- What to work on
Would you print the data below exactly, leaving out every picture?

Segment Start: Data section

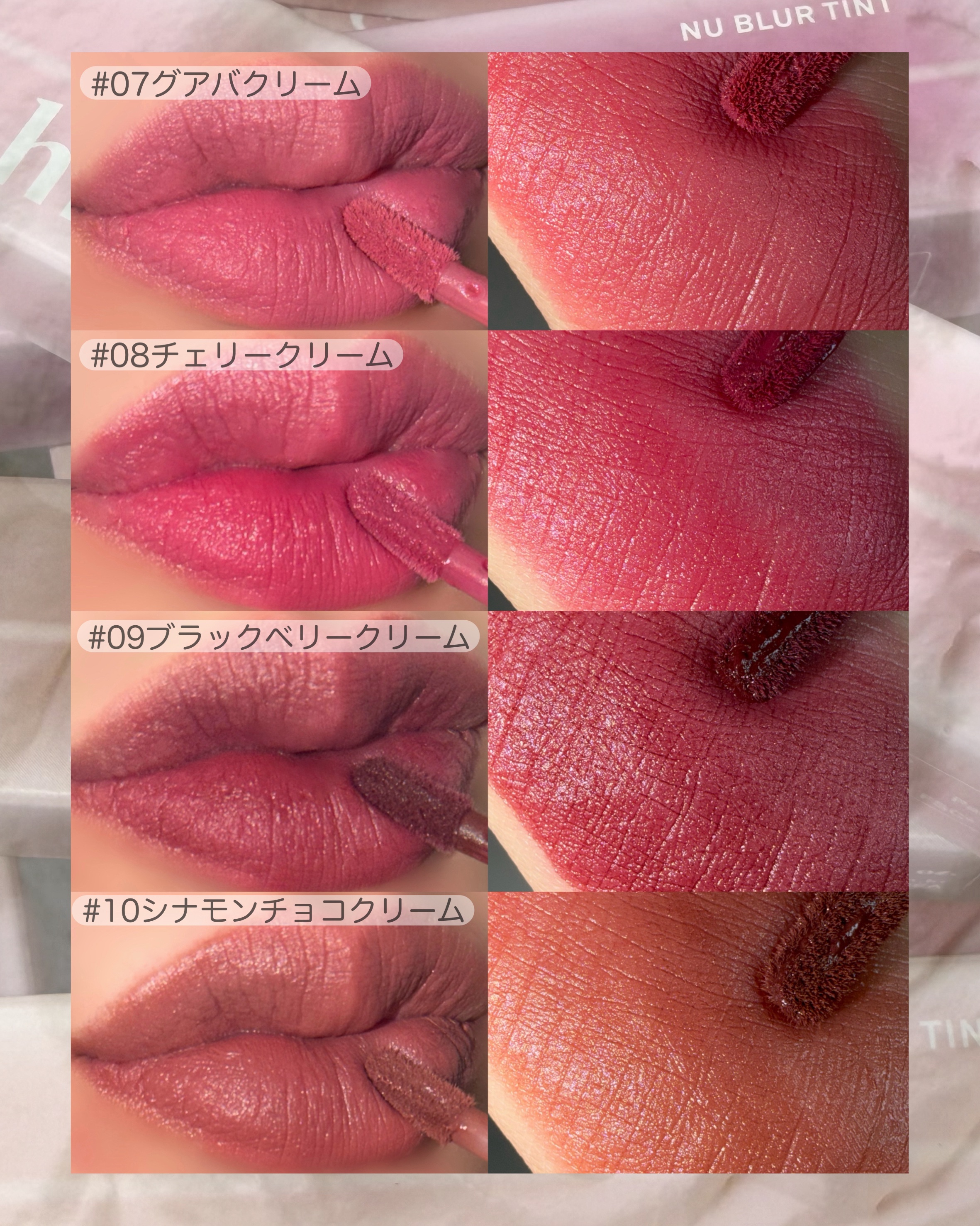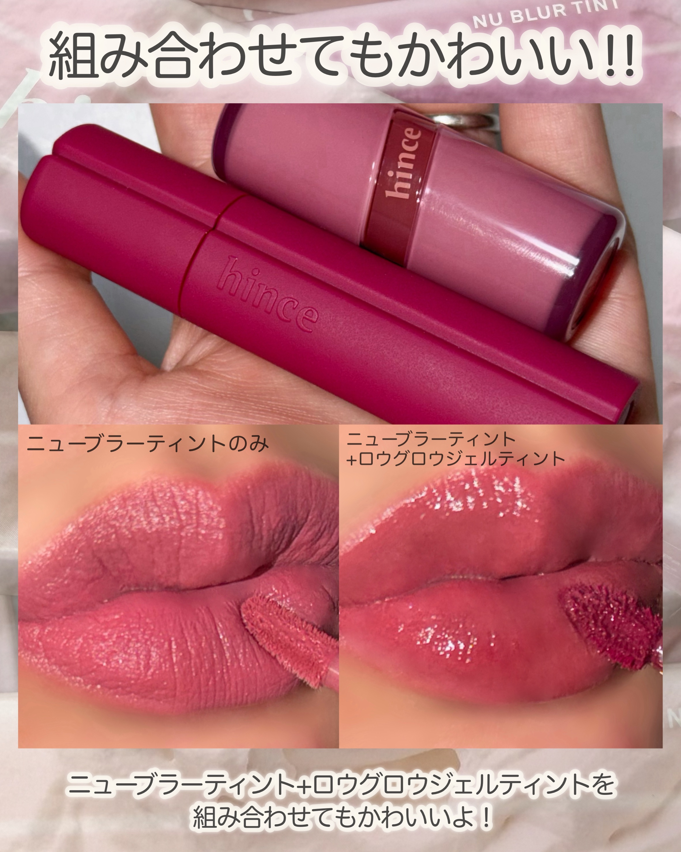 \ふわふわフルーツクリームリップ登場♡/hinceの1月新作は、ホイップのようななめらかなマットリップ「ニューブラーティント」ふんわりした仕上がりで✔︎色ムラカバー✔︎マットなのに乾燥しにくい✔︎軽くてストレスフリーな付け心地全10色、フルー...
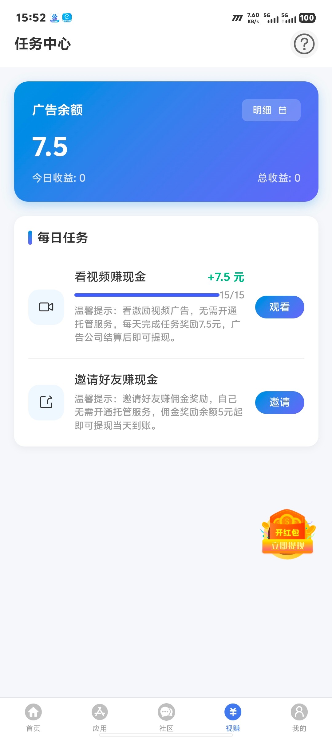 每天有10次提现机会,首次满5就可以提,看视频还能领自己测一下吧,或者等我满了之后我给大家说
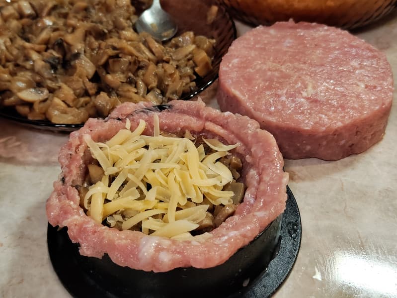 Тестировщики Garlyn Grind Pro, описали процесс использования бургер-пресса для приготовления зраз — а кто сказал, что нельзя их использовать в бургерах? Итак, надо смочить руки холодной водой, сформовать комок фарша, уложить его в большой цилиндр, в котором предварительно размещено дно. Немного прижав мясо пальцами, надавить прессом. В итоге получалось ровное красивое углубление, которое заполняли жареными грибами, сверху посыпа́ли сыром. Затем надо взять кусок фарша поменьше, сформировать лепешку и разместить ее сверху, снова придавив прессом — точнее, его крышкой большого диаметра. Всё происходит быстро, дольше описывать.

Segment End: Data section

- Response to the exercise
 \ふわふわフルーツクリームリップ登場♡/hinceの1月新作は、ホイップのようななめらかなマットリップ「ニューブラーティント」ふんわりした仕上がりで✔︎色ムラカバー✔︎マットなのに乾燥しにくい✔︎軽くてストレスフリーな付け心地全10色、フルー...
 每天有10次提现机会,首次满5就可以提,看视频还能领自己测一下吧,或者等我满了之后我给大家说
 Тестировщики Garlyn Grind Pro, описали процесс использования бургер-пресса для приготовления зраз — а кто сказал, что нельзя их использовать в бургерах? Итак, надо смочить руки холодной водой, сформовать комок фарша, уложить его в большой цилиндр, в котором предварительно размещено дно. Немного прижав мясо пальцами, надавить прессом. В итоге получалось ровное красивое углубление, которое заполняли жареными грибами, сверху посыпа́ли сыром. Затем надо взять кусок фарша поменьше, сформировать лепешку и разместить ее сверху, снова придавив прессом — точнее, его крышкой большого диаметра. Всё происходит быстро, дольше описывать.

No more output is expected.